Before they saw the videos, the boy’s parents said they didn’t even realize the school had a seclusion space. When they went on a tour, they saw the classrooms, library and the principal’s office, which was stocked with toys for the children to play with.
Their son had been secluded at his previous elementary school, and the parents said they specifically sought assurance that wouldn’t happen at Gages Lake. “I said many times on the tour I don’t want him in a cement jail cell-type space,” the mom said.
When their son came home talking about going to the office for a “reset,” the parents thought that meant the principal’s office. It wasn’t until they saw the videos — and then asked for all records related to their son — that they learned he had been taken to the office 60 to 70 times in kindergarten and first grade.

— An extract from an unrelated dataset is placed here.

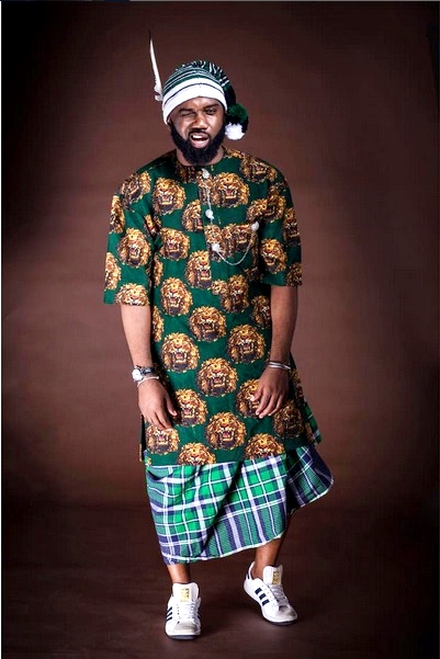 Popular Lagos fashion icon, Noble Igwe, has been trailed by mixed reactions and criticisms after rocking an Adidas sneakers on a traditional native attire.

They say they have repeatedly asked to see the space, but school officials have refused.
“It happened so often that he must have thought, ‘When I throw my bag on the floor, they come pick you up and carry you to the room and they drop you in there,’” said the boy’s mother. “My son thinks that’s normal.”
State law requires schools to provide written notice to parents within 24 hours of any isolated timeout or physical restraint, and SEDOL policy says the parents are to be notified “as soon as possible.” But several Gages Lake parents said they did not receive these notices.

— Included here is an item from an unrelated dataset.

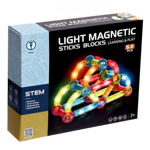 Купить Конструктор магнитный «Световые палочки», 52 детали в Новосибирске Вы можете в магазине развивающих и настольных игр "Игры Почемучек".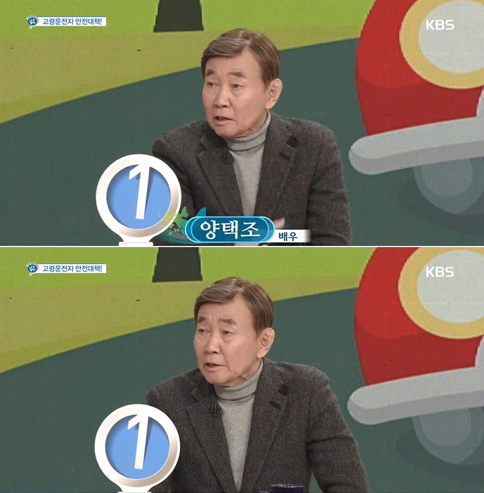 | ▲지난 1월 24일 KBS1 ‘아침마당’에 출연한 탤런트 양택조가 ‘고령운전자 안전대책’에 대한 이야기를 나누고 있다. 사진제공 = KBS1 ‘아침마당’ |

Donnan said that despite the school policy, “occasionally parents were not notified.”
“I feel like I’m the worst mother in the world for sending my child to this school every day and he was in this room and I didn’t know it,” the Gurnee boy’s mother said.
He has since transferred to another school, but remains scarred from his time at Gages Lake, the family said.

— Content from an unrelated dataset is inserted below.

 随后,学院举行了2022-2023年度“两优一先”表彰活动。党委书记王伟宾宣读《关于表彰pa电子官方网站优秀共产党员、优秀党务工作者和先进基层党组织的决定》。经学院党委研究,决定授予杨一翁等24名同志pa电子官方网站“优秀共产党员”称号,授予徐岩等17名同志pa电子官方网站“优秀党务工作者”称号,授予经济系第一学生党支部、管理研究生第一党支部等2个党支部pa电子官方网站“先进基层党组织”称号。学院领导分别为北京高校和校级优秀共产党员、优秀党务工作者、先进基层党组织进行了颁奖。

“My son is terrified to be alone in his room, in a bathroom door stall with the door shut,” his mother said. “He wasn’t like that before.”
Staley’s parents, meanwhile, also have returned to the school to watch hours of footage of their son in the office. School district officials gave them a copy of one video, showing the April 30 incident that prompted the abuse investigation, and the family later shared it with reporters.
The parents said other videos show their son being physically abused but officials won’t give them copies. A DCFS spokesman said the agency has not reviewed any additional video involving Staley.
In some of the video footage, Sandy said, Staley was left unsupervised behind a locked door, with nobody watching from outside. “You just see the minutes roll and roll,” she said. “They can’t explain why my son was even in there.”
One video showed Staley in the office, calmly playing with a paper puppet, when staff moved him into the locked room, his mother said.
“You feel it in your heart. You see this little boy, sitting in a chair, waiting for his turn to go in the room,” Sandy said. “Then he gets put in a room for an hour with a locked door … This child hasn’t done anything wrong. It is messed up.”
Sandy said she received three written notices documenting behavioral interventions during the nine weeks Staley attended Gages Lake last spring, two for isolated timeouts and one for physical restraint. Yet, when she later asked for Staley’s records, she learned he had been taken to the office more than 20 times. The family says it received no paperwork from the April 30 incident.
Staley is being home-schooled while his family looks for another placement for him. He doesn’t like to talk about his experiences at Gages Lake. His mother said that Staley, who is passionate about computers, sometimes says his “memory files got deleted.”
His mother keeps a folder of school documents and a journal of notes as she tries to determine what happened to him at the school. She still thinks about how he didn’t want to get on the school bus every morning and how he used to press his palm against the window as it drove away.